TASK BRIEF
Transcribe all data verbatim. Skip the pictures.
++++++++
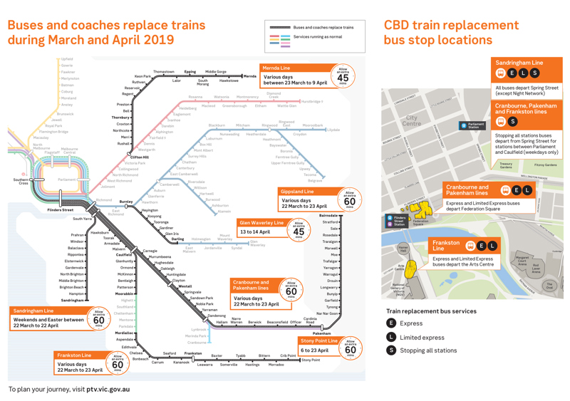 Pakenham and Cranbourne lines: Various days between 22 March and 23 April, adding 60 min.
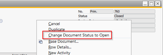 It is possible to base a Return Request on an Outgoing invoice in SAP Business One. However, this is only possible if the invoice still has the status “Open”. If the invoice has already been paid, it will be closed and there fore not available for copying to a Return Request. In this case you must first use the "Change Document Status to Open" option.
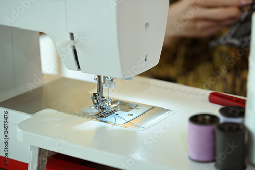 Close up of a sewing machine with thread and fabric at fashion designer workspace
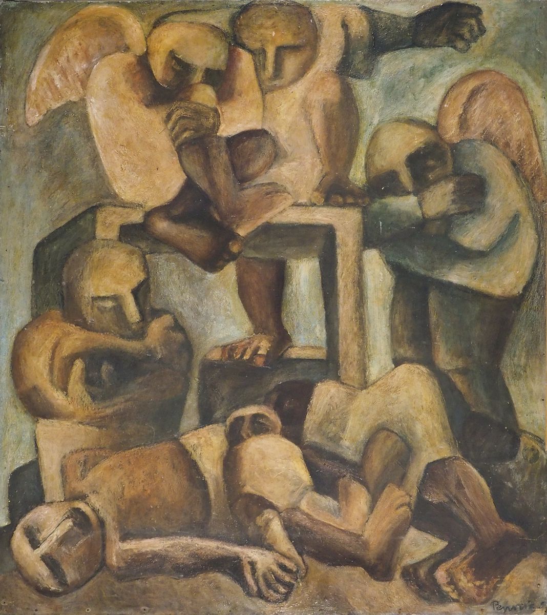 Paul Pennisi 1930-2018 "Gli angeli della misericordia" cm. 100x90 - olio su...
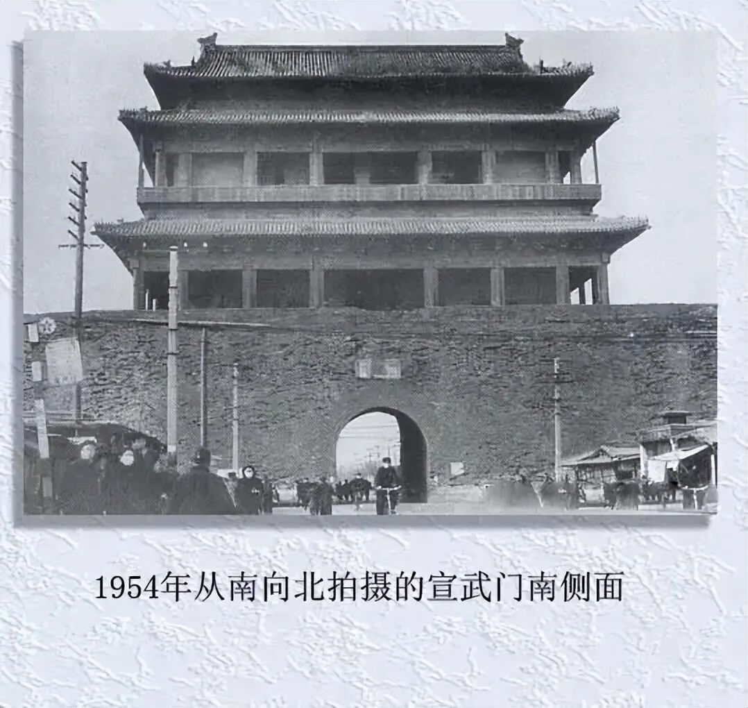 右安门,1956年拆除箭楼、城台及瓮城,1958年又将城楼拆除。
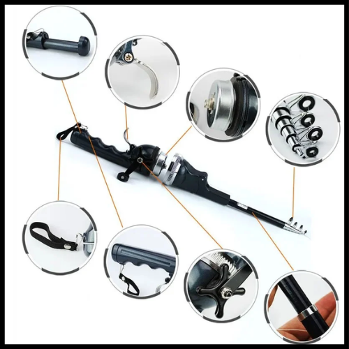 ماراح تحتاج لشراء البكرة والخيط والخطاف،، الخ، فهاي الصنارة تحتوي على بكرة مدمجة وجميع الملحقات الضرورية، فقط قم بثني القضيب وراح تكون جاهز للصيد
++++++++
ANSWER BELOW
 Pakenham and Cranbourne lines: Various days between 22 March and 23 April, adding 60 min.
 It is possible to base a Return Request on an Outgoing invoice in SAP Business One. However, this is only possible if the invoice still has the status “Open”. If the invoice has already been paid, it will be closed and there fore not available for copying to a Return Request. In this case you must first use the "Change Document Status to Open" option.
 Close up of a sewing machine with thread and fabric at fashion designer workspace
 Paul Pennisi 1930-2018 "Gli angeli della misericordia" cm. 100x90 - olio su...
 右安门,1956年拆除箭楼、城台及瓮城,1958年又将城楼拆除。
 ماراح تحتاج لشراء البكرة والخيط والخطاف،، الخ، فهاي الصنارة تحتوي على بكرة مدمجة وجميع الملحقات الضرورية، فقط قم بثني القضيب وراح تكون جاهز للصيد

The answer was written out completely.